Tim Lieder (marlowe1) wrote,

Sean Aiken - White Guy, Lecturer, Privileged Douchebag

When I checked out One Week Job from the library, I thought it'd be a mildly entertaining reality show with pretensions to documentary realism - basically a variation on the Spurlock formula (which I still like but I can see why people don't) - and instead I got a smug white dude with dreadlocks repeating a sermon over and over again. And of course, that sermon is the variation on the "Follow your Bliss" bullshit that privileged people just LOVE and can't stop eating. Even if they are turned off by Eat, Pray, Love, they are still going to read shit like The Alchemist and The Secret.

Best let Dave Chappelle talk about The Secret -

Anyhow, Sean Aiken DOES do a project where he gets a job every week, with his parents paying for it first and then he gets sponsorship. And of course, all of those employers are agreeing to let this little shitbag work for them for a week in order to get the publicity that comes from the project. So he can then give all the wages to charity! The first problem is the fact that he NEVER TALKS ABOUT THE FUCKING JOBS! Oh sure, he says "this week I'm the safety guy at a bungee jumper company" and "I'm doing a week as a radio host and here I am on the radio being interviewed by the guy who gets stuck with me instead of his regular co-host."

But nowhere in the Informercial (I am not even going to call it a documentary in sarcastic quotes) does this asshole acknowledge that some people work because they have to work. His dad feels regret from working in an office all of his life, but his dad would feel even more regret if he wasn't working in that office and the whole clan lost the house and Sean Aiken didn't get to go on his great adventure. Instead, Sean looks upon every job as a new opportunity to find his personal bliss and his audience of upper class shitheads can live vicariously through him and his ME ME ME lifestyle.
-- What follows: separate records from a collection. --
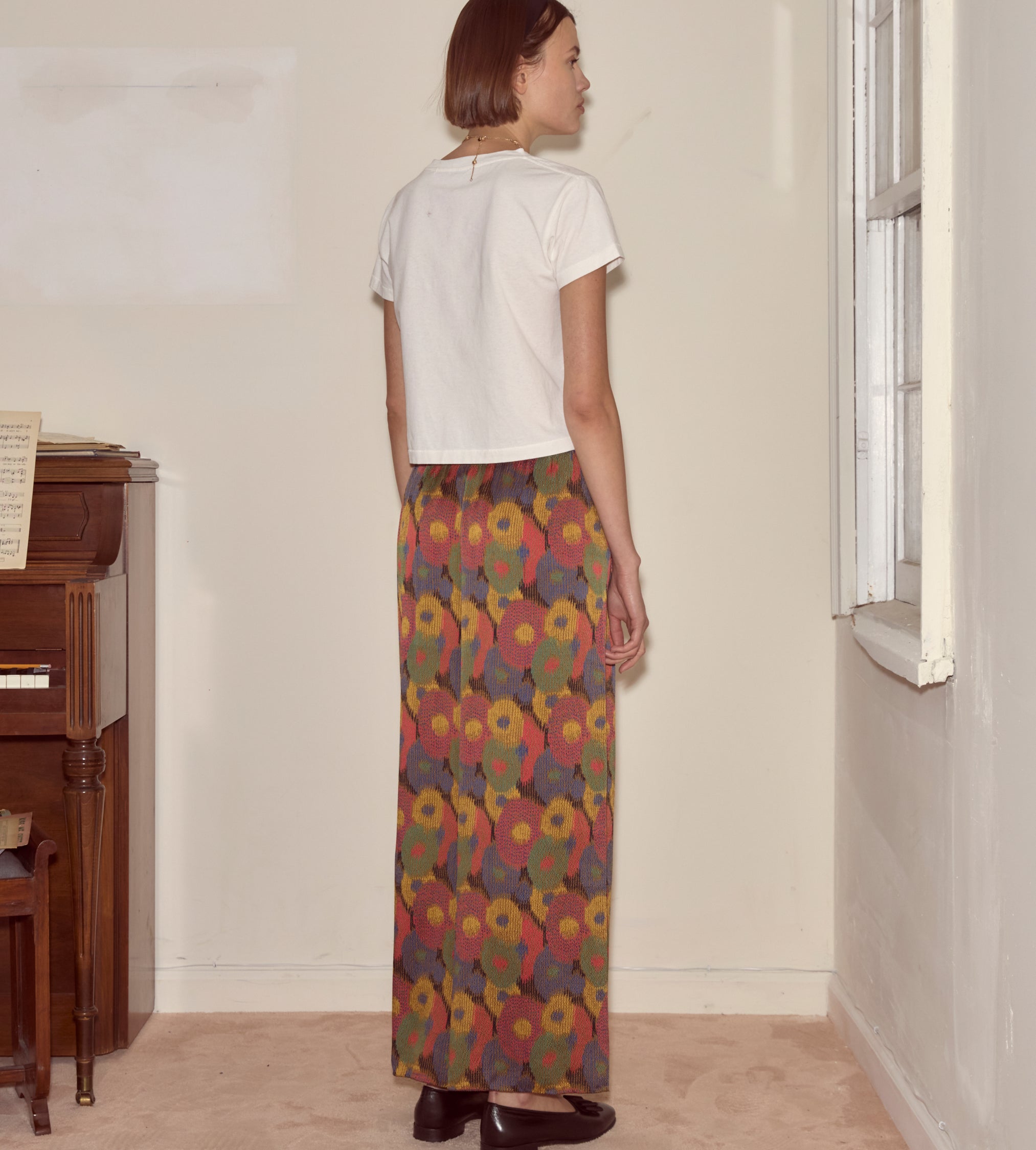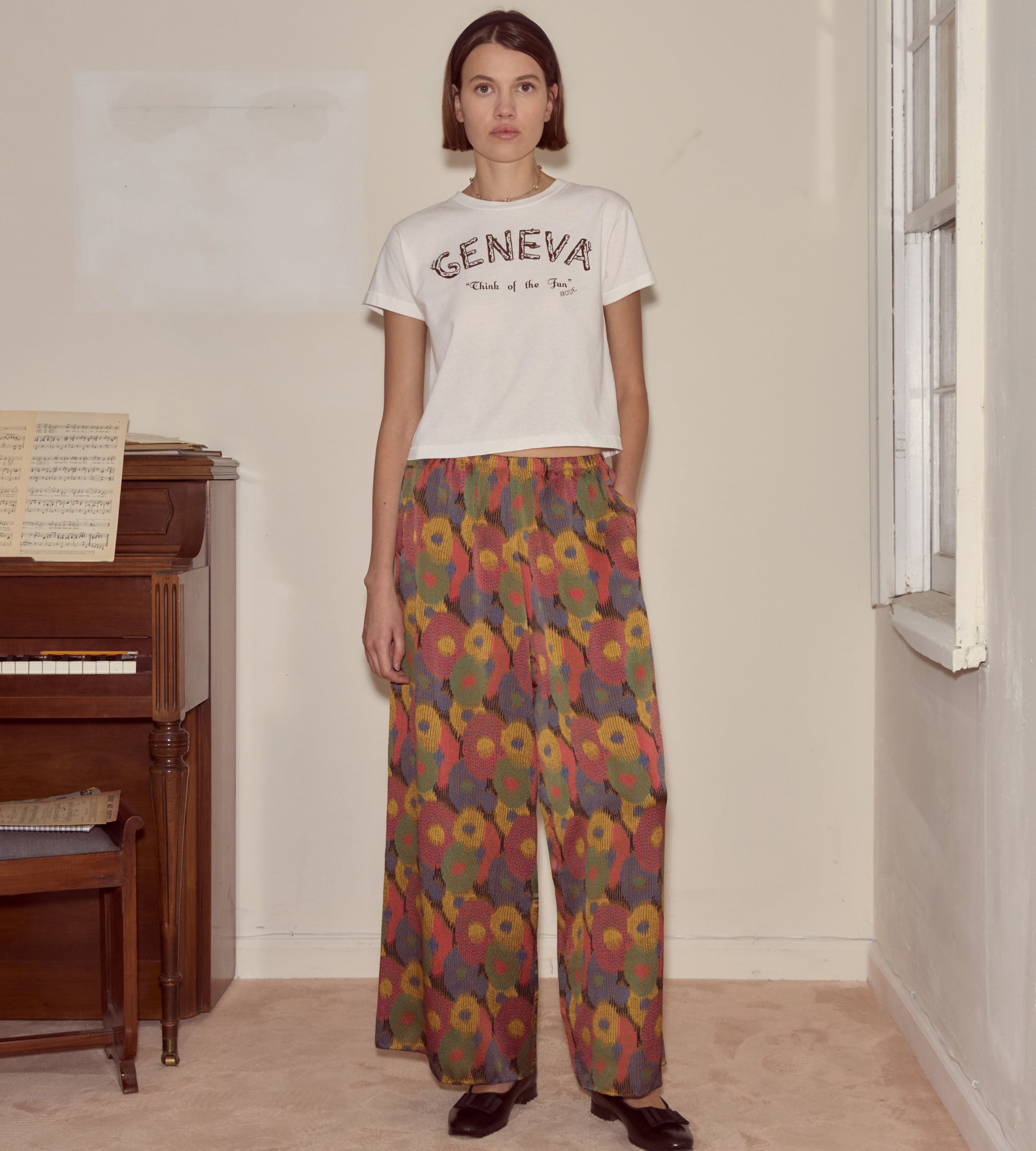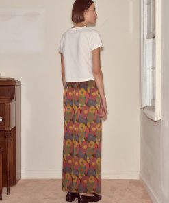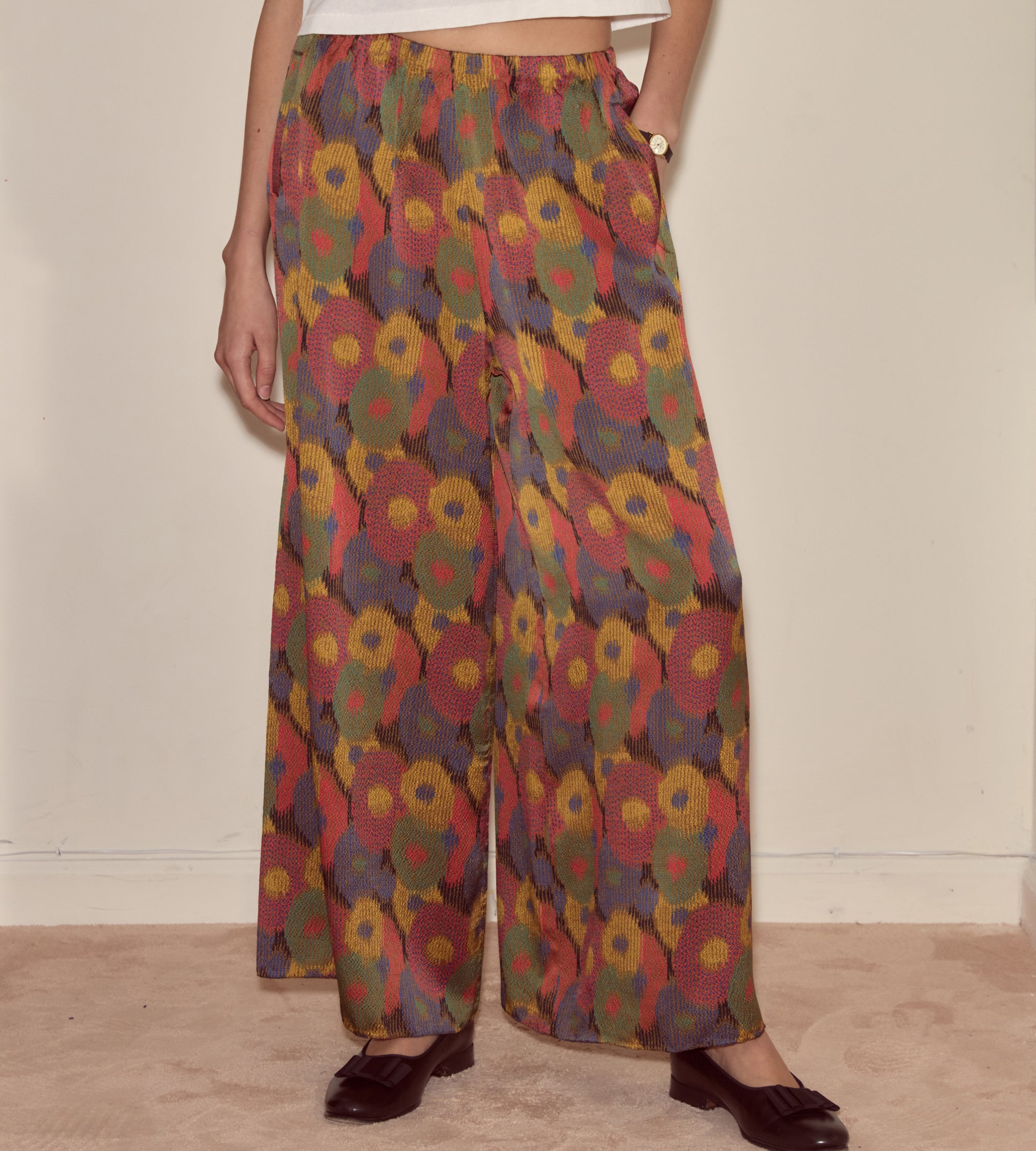These pants are cut from silk seersucker, a distinctive fabric recreated from a French swatchbook, c.1930s. They have a wide-leg silhouette reminiscent of beach pajamas, loose trousers worn over swimsuits that evolved out of sleepwear. The wide popularity of beach pajamas helped to normalize women’s pants in the early 20th century.
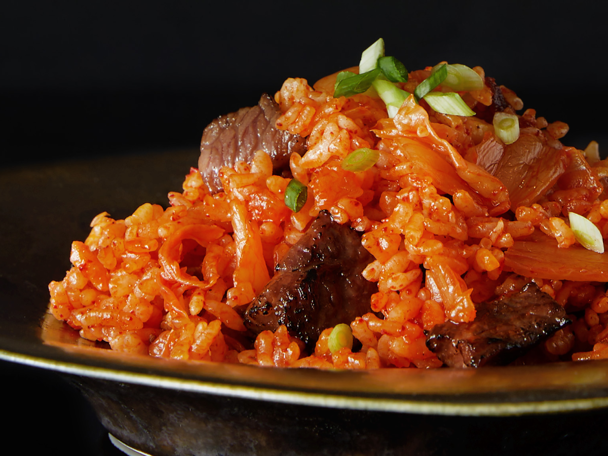 Mongtan's special fried rice enhanced with savory beef fat, aromatic chili oil, and sesame oil. A delightful mix of Korean onions, kimchi, pork, and sweet corn
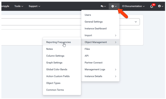 To add calendar frequencies, click the Administration icon and choose Object Management / Reporting Frequencies.

In the place of actually talking about the work (where he is displacing temp workers and other people who are taking the week off or whatever) he talks about HIS personal journey. He met a girl in one town and she had the same talent for making superficial self-obsession sound deep so he fell in LOVE. He asked his friend to come along and go all over with him. His friend said that he didn't know if he should because he had just gotten married. The scene moves to his wife saying something about not liking it, but then going on about how this dude and Sean played PING PONG together. So yeah, go ahead, leave your new bride to go off with your douchebag friend with dreadlocks. You played PING PONG together. That's totally better than building a life and getting laid.

Of course, the rest of the movie is just Sean Aiken repeating the same shit over and over again about how you must follow your dreams. This is totally awesome as long as you have very indulgent parents and your own private bank account. Hell, Sean Aiken is even giving TED Talks about it. So at least he knows his audience.